### INPUT DATA
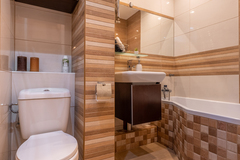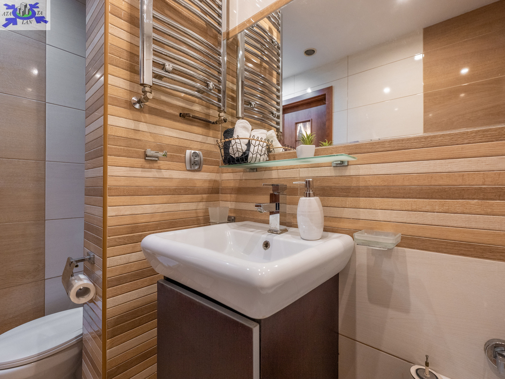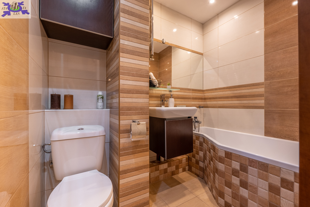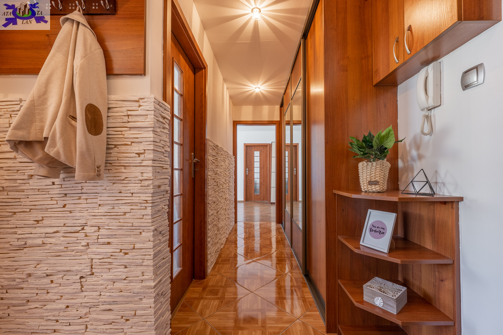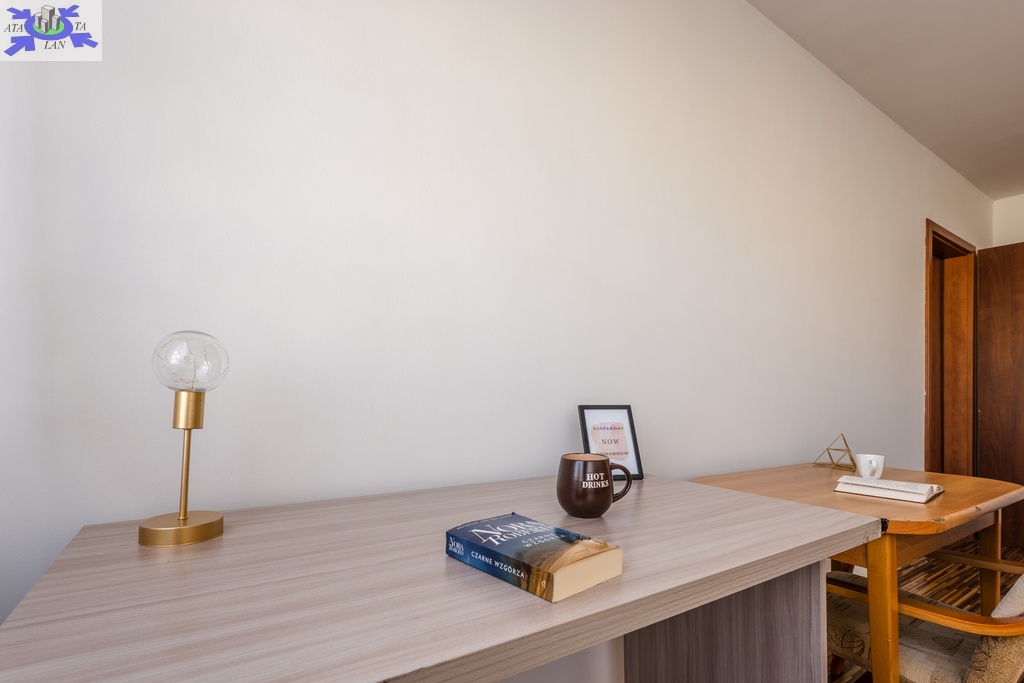 Mieszkanie zawiera 3 pokoje, wyposażone w kanapy, biurka, komody i szafy. Kuchnia wyposażona we wszelkie niezbędne sprzęty kuchenka gazowa, piekarnik, okap, zmywarka, lodówko-zamrażarka, zlewozmywak, pralka meble w zabudowie z dużą ilością miejsca do przechowywania rzeczy. W łazience duża wanna, WC, obszerne lustro, szafki z dużą ilością miejsca. W przedpokoju znajduje się dodatkowo duża szafa typu komandor.
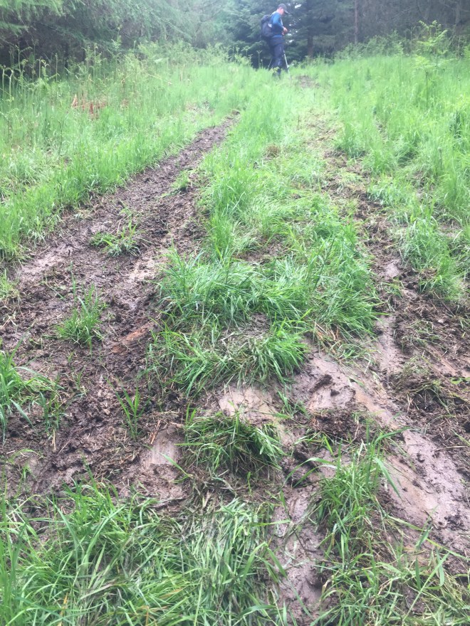 The rain had also turned the infamous pull-up onto Byrness Hill into a broad mudslide, but our poles helped us avoid slipping as we picked our way upwards.
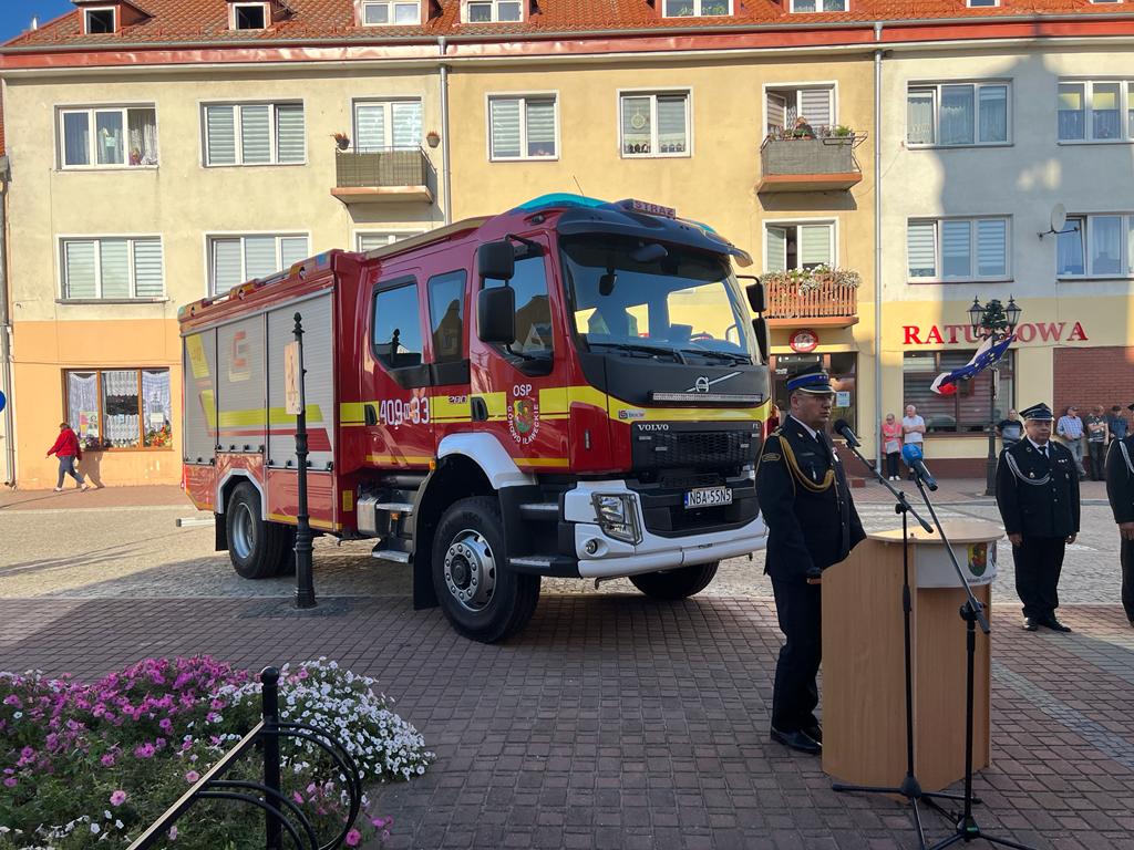 Podczas uroczystości nowy pojazd pożarniczy został poświęcony, a naczelnik OSP wraz z kierowcą odebrali akt przekazania oraz dokumenty, a także kluczyki do pojazdu, które w imieniu nadbryg. Tomasza Komoszyńskiego Warmińsko-Mazurskiego Komendanta Wojewódzkiego PSP przekazał st. bryg. Tomasz Ostrowski. Na zakończenie uroczystości okolicznościowe przemówienia wygłosili zaproszeni goście.
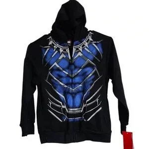Marvel Black Panther zip-up hoodie for kids featuring a bold blue and silver armor-style graphic inspired by the iconic superhero suit. Perfect for everyday wear, school, or costume-inspired outfits.
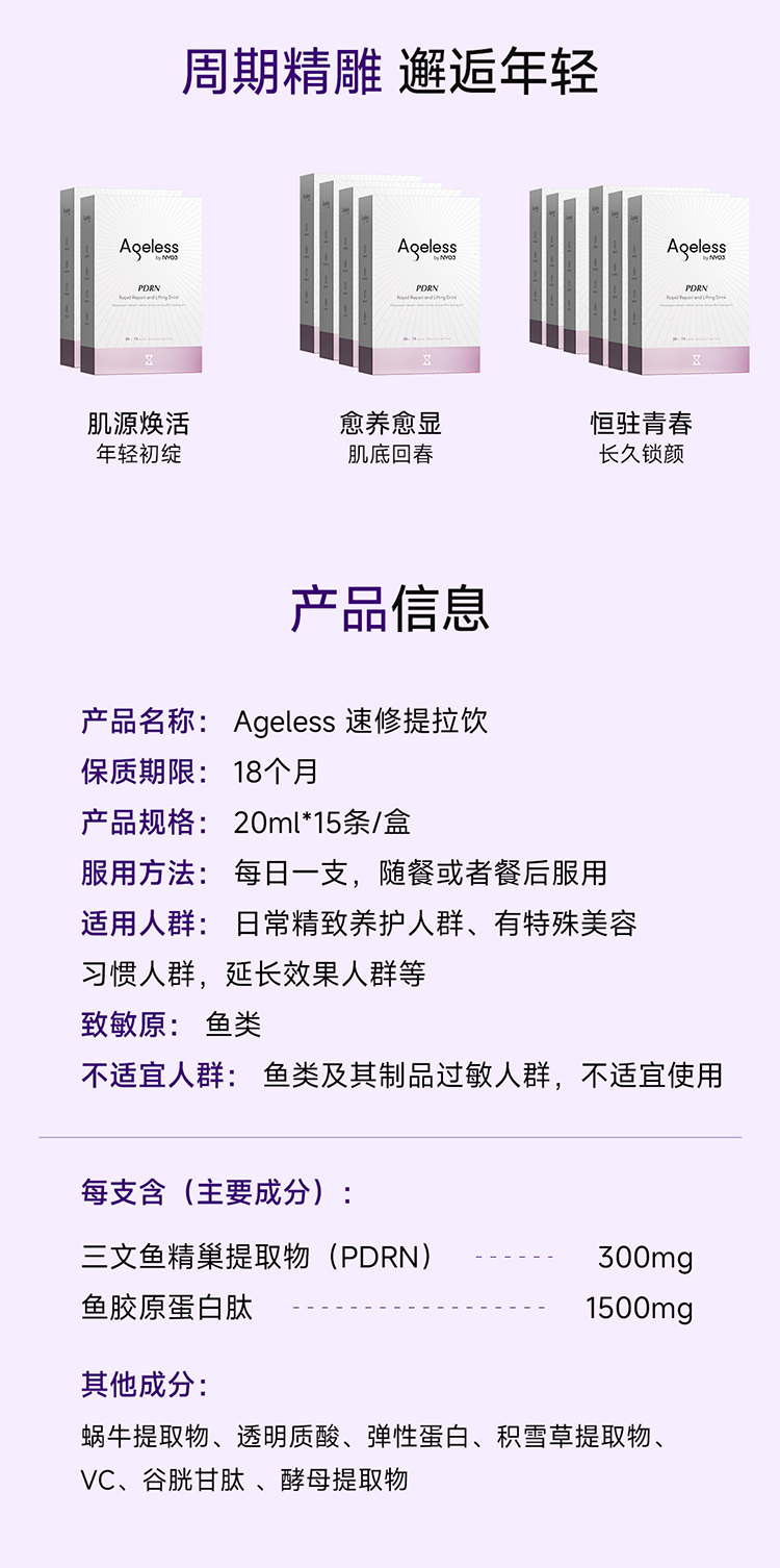 PDRN|口服三文鱼水光 速修+提拉 300mg高含量抗氧PDRN 超水光美肤 20ml*15条 NYO3 紧致淡纹多肽抗皱 20ml*15条

### WORK TASK
Write all the lines above out again exactly, minus the images.

### TASK SOLUTION
 Mieszkanie zawiera 3 pokoje, wyposażone w kanapy, biurka, komody i szafy. Kuchnia wyposażona we wszelkie niezbędne sprzęty kuchenka gazowa, piekarnik, okap, zmywarka, lodówko-zamrażarka, zlewozmywak, pralka meble w zabudowie z dużą ilością miejsca do przechowywania rzeczy. W łazience duża wanna, WC, obszerne lustro, szafki z dużą ilością miejsca. W przedpokoju znajduje się dodatkowo duża szafa typu komandor.
 The rain had also turned the infamous pull-up onto Byrness Hill into a broad mudslide, but our poles helped us avoid slipping as we picked our way upwards.
 Podczas uroczystości nowy pojazd pożarniczy został poświęcony, a naczelnik OSP wraz z kierowcą odebrali akt przekazania oraz dokumenty, a także kluczyki do pojazdu, które w imieniu nadbryg. Tomasza Komoszyńskiego Warmińsko-Mazurskiego Komendanta Wojewódzkiego PSP przekazał st. bryg. Tomasz Ostrowski. Na zakończenie uroczystości okolicznościowe przemówienia wygłosili zaproszeni goście.
Marvel Black Panther zip-up hoodie for kids featuring a bold blue and silver armor-style graphic inspired by the iconic superhero suit. Perfect for everyday wear, school, or costume-inspired outfits.
 PDRN|口服三文鱼水光 速修+提拉 300mg高含量抗氧PDRN 超水光美肤 20ml*15条 NYO3 紧致淡纹多肽抗皱 20ml*15条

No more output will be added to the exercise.